Figure 1. The competence regulon QS circuitry in S. pneumoniae.

The prepeptide ComC is being processed and secreted by the ComAB transporter as the mature CSP signal. At high concentration, CSP activates the transmembrane histidine kinase receptor ComD. Activated ComD phosphorylates ComE, which then autoactivates the competence QS circuit and upregulates the expression of genes involved in attaining genetic competence, virulence factor production and biofilm formation through ComX. The sequences of CSP1 and CSP2 are shown at the top.
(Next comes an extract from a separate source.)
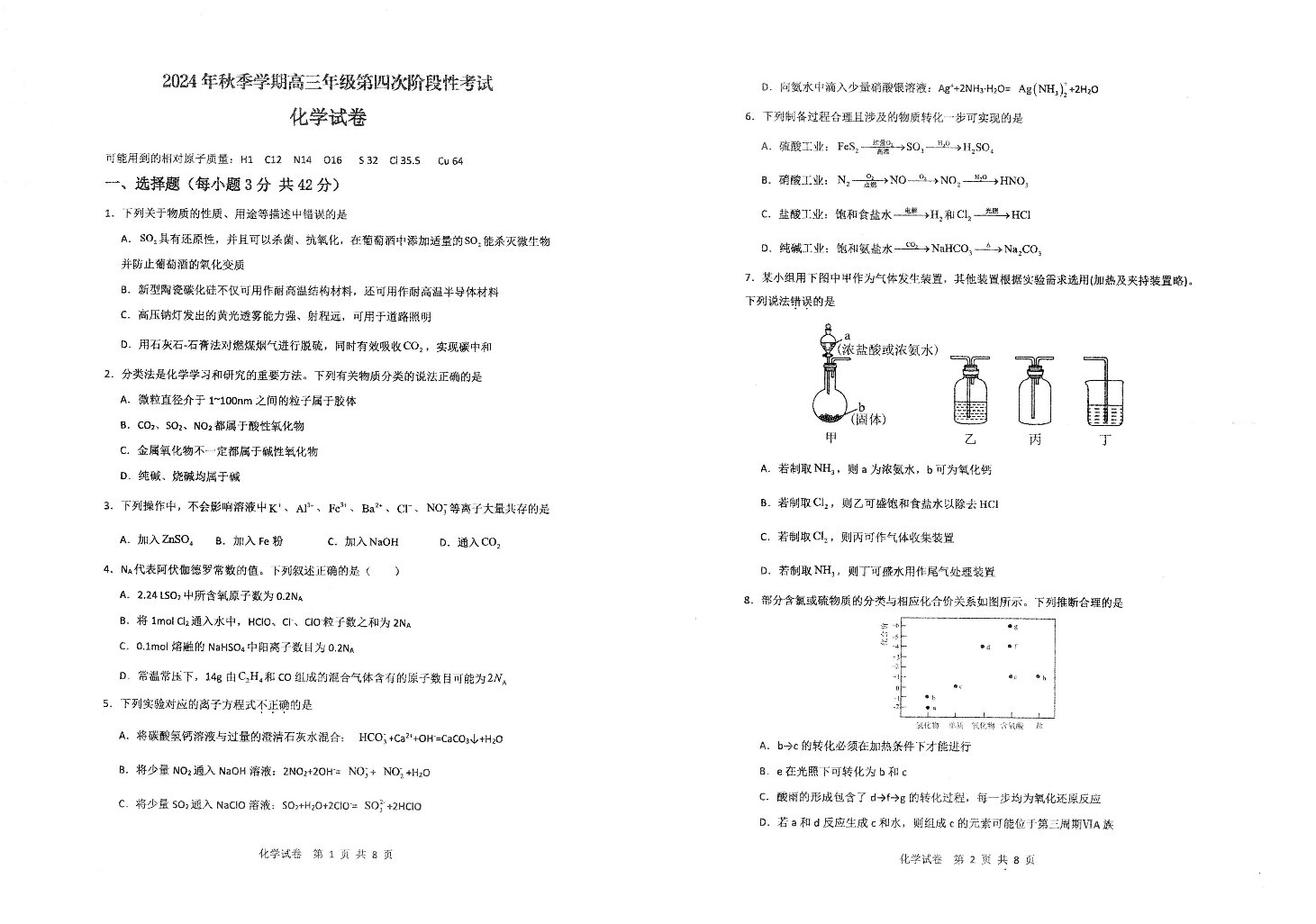 甘肃省平凉市一中等高中2025届高三上学期第四次阶段性考试化学
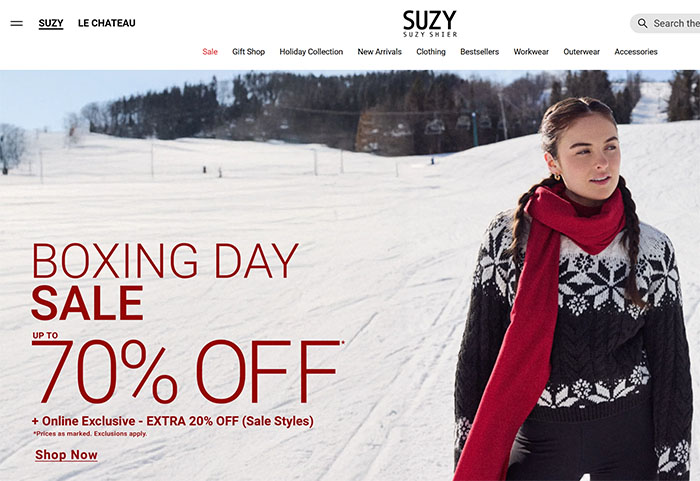 Suzy Shier服装在今年的Boxing Day当天直接up to 70% off,某些促销商店还有额外20% off,打折力度要比去年大很多哟,快去实体店或网店淘宝吧:https://suzyshier.com。

Previously, we reported the rational design of a double modified CSP2 analog, CSP2-E1Ad10, which was a potent antagonist against group 2 S. pneumoniae and was able to attenuate pneumonia in a mouse model of infection.^[20] In the present study, we continued our efforts to develop a pan group QS inhibitor against both S. pneumoniae specificity groups. To this end, we utilized the CSP2 scaffold and systematically modified its residues to resemble more CSP1 with the goal of achieving analogs with pan group activities. Through this analysis, we identified both a pan group activator and a pan group inhibitor.

Results and Discussion

Our main goal in this study was to design a pan group QS inhibitor. In a previous work, we identified a ComD2 inhibitor, CSP2-E1Ad10, which also exhibited weak inhibition of ComD1, thereby being the closest thing to a pan-group QS inhibitor.^[28] We therefore chose CSP2 as a lead scaffold to begin the design of pan group inhibitors. Our approach was to first develop CSP2-based pan group QS activators and then convert them into pan group inhibitors by replacing the glutamic acid at position 1 (E1) with alanine, as this modification was found to be crucial and sufficient to turn S. pneumoniae CSP-based QS activators into competitive inhibitors ^[18–19,28] Moreover, since the last two residues in both CSP1 and CSP2 (K16 and K17) were found to be dispensable,^[28] we chose a truncated version of CSP2, CSP2-des(K16-K17) (termed here CSP2(15)), as our starting scaffold.

All the CSP2 analogs were constructed by using standard solid phase peptide synthesis protocols on Wang resin using a microwave-assisted automated synthesizer.^[29] The crude peptides were purified to homogeneity through reverse phase high performance liquid chromatography (RP-HPLC) to >95% purity and their identity confirmed by mass spectrometry (for full details see SI). To evaluate the ability of the analogs to modulate QS in both specificity groups, we utilized the beta galactosidase cell-based gene reporter assay with the two previously reported group 1 and 2 reporter strains, D39pcomX::lacZ and TIGR4pcomX::lacZ, which are wild type strains producing their native CSP and also carrying the lacZ gene under the control of the comX promoter.^[18]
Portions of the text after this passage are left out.